Assignment → Repeat the data in full and exactly. Leave the pictures out.

:: Supplied entries

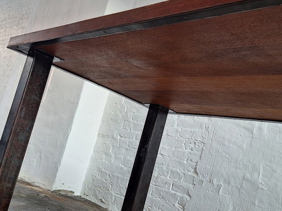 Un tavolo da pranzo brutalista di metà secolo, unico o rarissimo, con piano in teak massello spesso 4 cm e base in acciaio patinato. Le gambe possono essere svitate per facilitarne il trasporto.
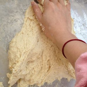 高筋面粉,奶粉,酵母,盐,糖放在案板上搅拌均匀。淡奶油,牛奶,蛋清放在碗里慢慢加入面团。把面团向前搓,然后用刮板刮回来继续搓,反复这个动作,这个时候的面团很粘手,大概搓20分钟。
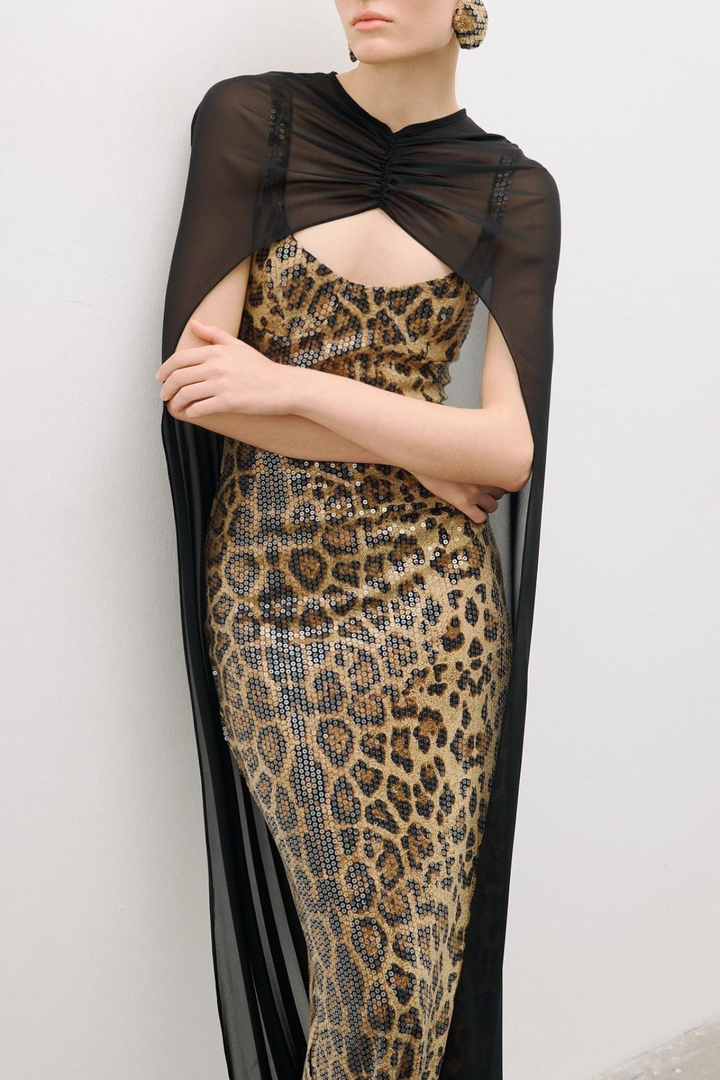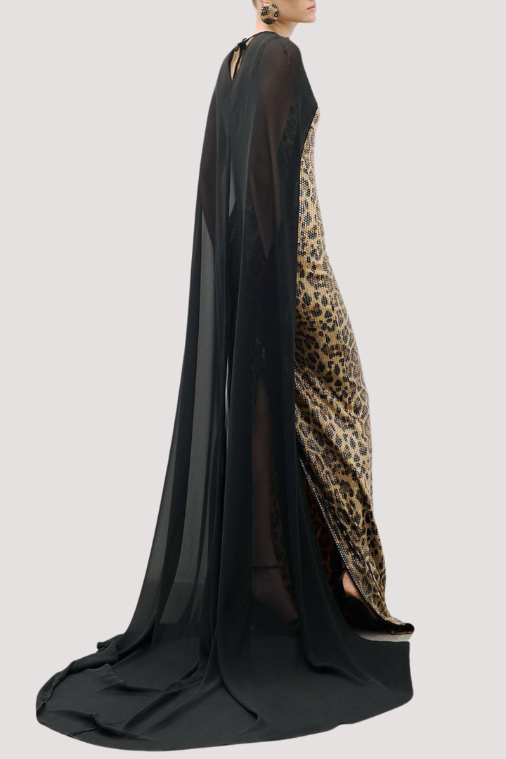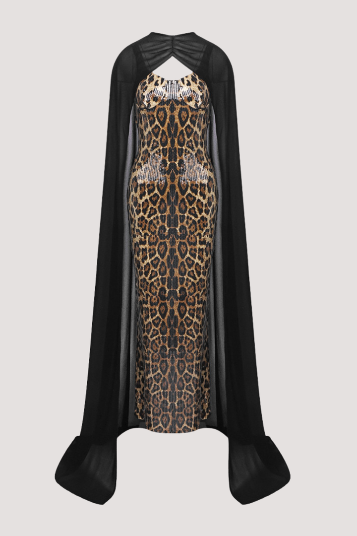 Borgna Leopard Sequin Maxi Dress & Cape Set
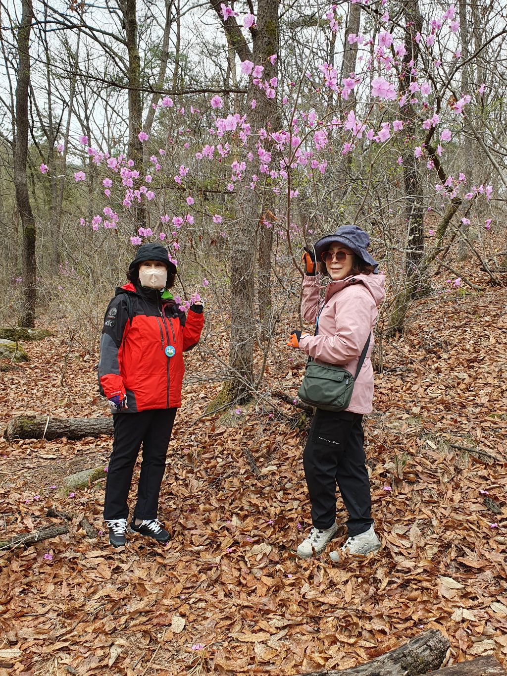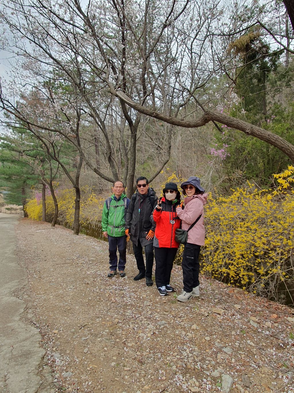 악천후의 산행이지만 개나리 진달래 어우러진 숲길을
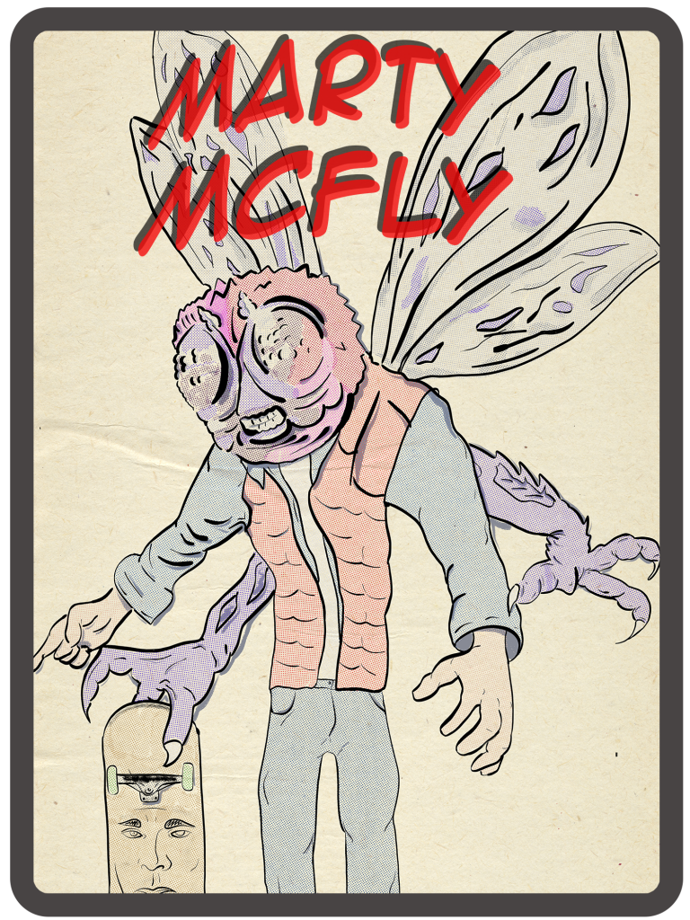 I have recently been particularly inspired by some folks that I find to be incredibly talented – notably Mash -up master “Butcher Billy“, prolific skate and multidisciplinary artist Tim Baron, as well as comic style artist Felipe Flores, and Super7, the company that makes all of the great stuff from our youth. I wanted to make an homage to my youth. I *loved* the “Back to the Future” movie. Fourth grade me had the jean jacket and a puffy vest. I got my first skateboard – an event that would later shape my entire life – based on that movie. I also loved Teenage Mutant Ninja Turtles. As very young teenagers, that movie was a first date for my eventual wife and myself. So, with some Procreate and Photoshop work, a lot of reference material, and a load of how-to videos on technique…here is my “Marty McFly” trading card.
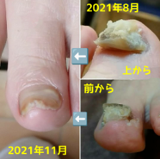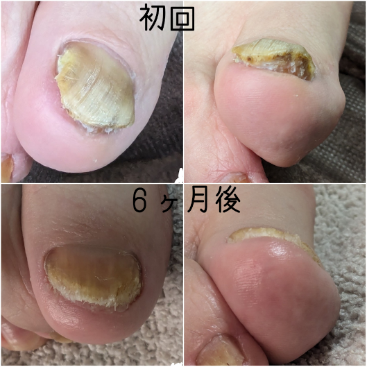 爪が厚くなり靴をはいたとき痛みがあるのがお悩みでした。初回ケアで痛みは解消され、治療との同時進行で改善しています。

::::

Answer to this problem →
 Un tavolo da pranzo brutalista di metà secolo, unico o rarissimo, con piano in teak massello spesso 4 cm e base in acciaio patinato. Le gambe possono essere svitate per facilitarne il trasporto.
 高筋面粉,奶粉,酵母,盐,糖放在案板上搅拌均匀。淡奶油,牛奶,蛋清放在碗里慢慢加入面团。把面团向前搓,然后用刮板刮回来继续搓,反复这个动作,这个时候的面团很粘手,大概搓20分钟。
 Borgna Leopard Sequin Maxi Dress & Cape Set
 악천후의 산행이지만 개나리 진달래 어우러진 숲길을
 I have recently been particularly inspired by some folks that I find to be incredibly talented – notably Mash -up master “Butcher Billy“, prolific skate and multidisciplinary artist Tim Baron, as well as comic style artist Felipe Flores, and Super7, the company that makes all of the great stuff from our youth. I wanted to make an homage to my youth. I *loved* the “Back to the Future” movie. Fourth grade me had the jean jacket and a puffy vest. I got my first skateboard – an event that would later shape my entire life – based on that movie. I also loved Teenage Mutant Ninja Turtles. As very young teenagers, that movie was a first date for my eventual wife and myself. So, with some Procreate and Photoshop work, a lot of reference material, and a load of how-to videos on technique…here is my “Marty McFly” trading card.
 爪が厚くなり靴をはいたとき痛みがあるのがお悩みでした。初回ケアで痛みは解消され、治療との同時進行で改善しています。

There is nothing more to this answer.